I give this movie a score of 3 out of five.
February 21, 2013
what an eye opener! I knew the world's water situation was bad but I always took North Americas water for granted. That will not happen anymore, I will do what I can and learn what I can to help preserve our water.
December 5, 2012
A sobering look at the loss of probably our most precious resource.
½ November 14, 2012
Usually not a ''doc'' fan but this was informative and well made.
November 9, 2012
Must see movie for kids and adults !
½ October 31, 2012
Another worthless propaganda film made to manipulate the thinking of the scientifically illiterate public...
June 24, 2012
This doc was freaking great. Scary and sad, but great.
May 13, 2012
Documentary on the water crisis.
May 6, 2012
Watch this movie. You might learn that water is the single factor that ties our man-made environmental problems together. It has no boundaries. Solving this problem is a great place to start repairing the world.
May 3, 2012
It's a great movie.
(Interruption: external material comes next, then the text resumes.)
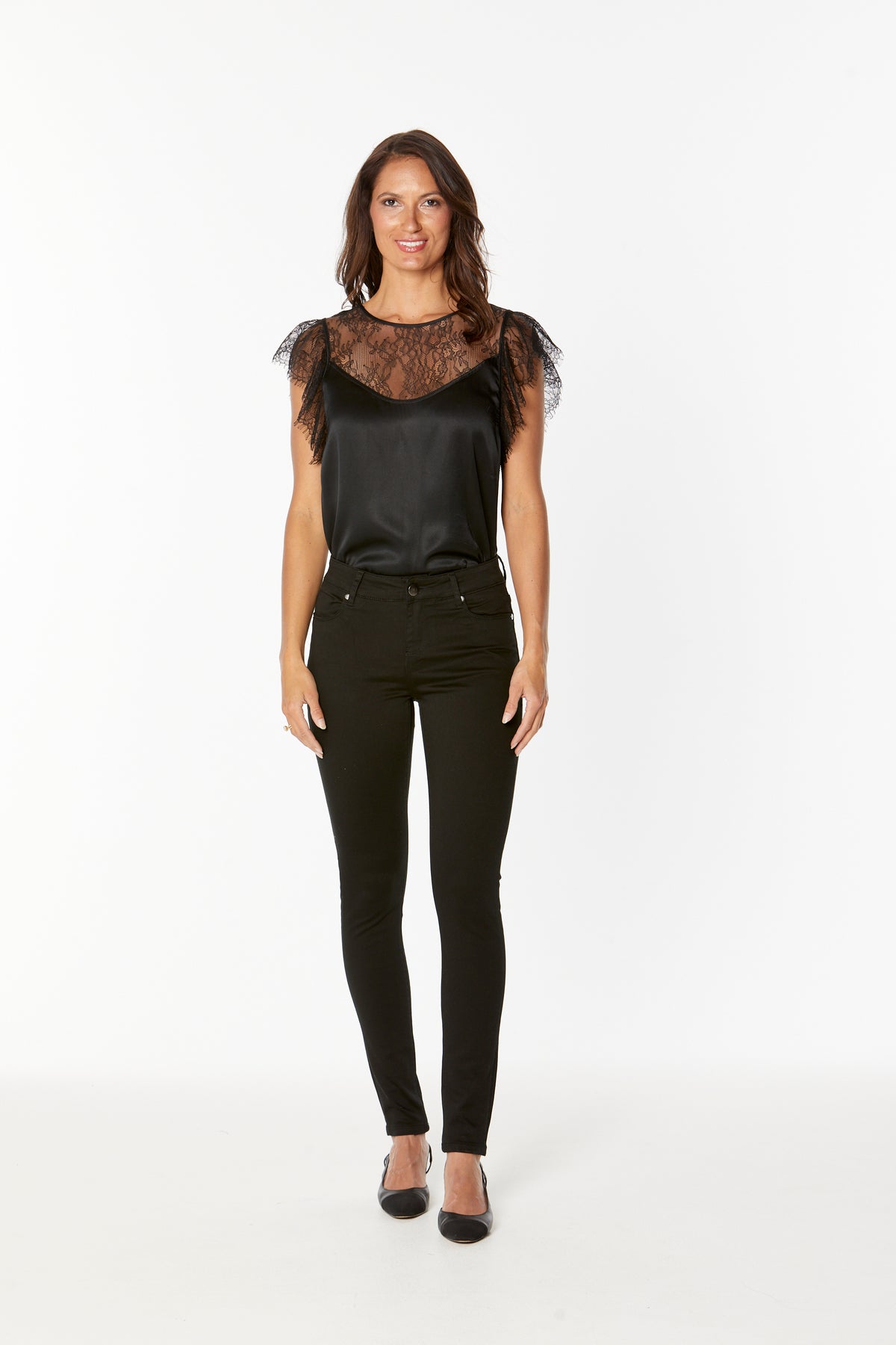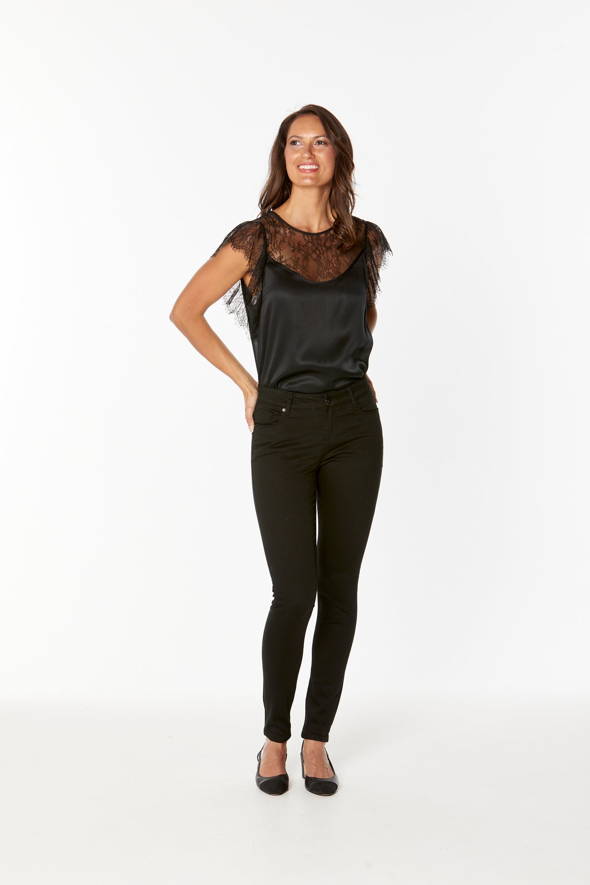 Model is 175 cm tall with 81 cm bust, 64 cm waist & 91 hips wearing size XS or 26

Intense, visually striking, entertaining, depressing, cinematic, surprisingly exhilarating. Most importantly, it's entertaining and factually correct. It has journalistic bona fides while still remembering to keep an audience emotionally invested. Top notch.
March 2, 2012
I saw this at a local film festival. A poor mish-mosh of issues around water and now tainted by the fact that one of their leading voices Peter Gleick is being investigated for falsifying information. The film wasn't that good before this scandal about their prime expert.
½ November 30, 2011
I was able to see this film at the Savannah Film Festival and it was great! I thought about skipping it because I had a lot to do that week, but I was so glad I stayed around and saw it. It was funny, sad, snarky (where needed) and informative. Kept me interested the whole time and it was all about water... and the lack of.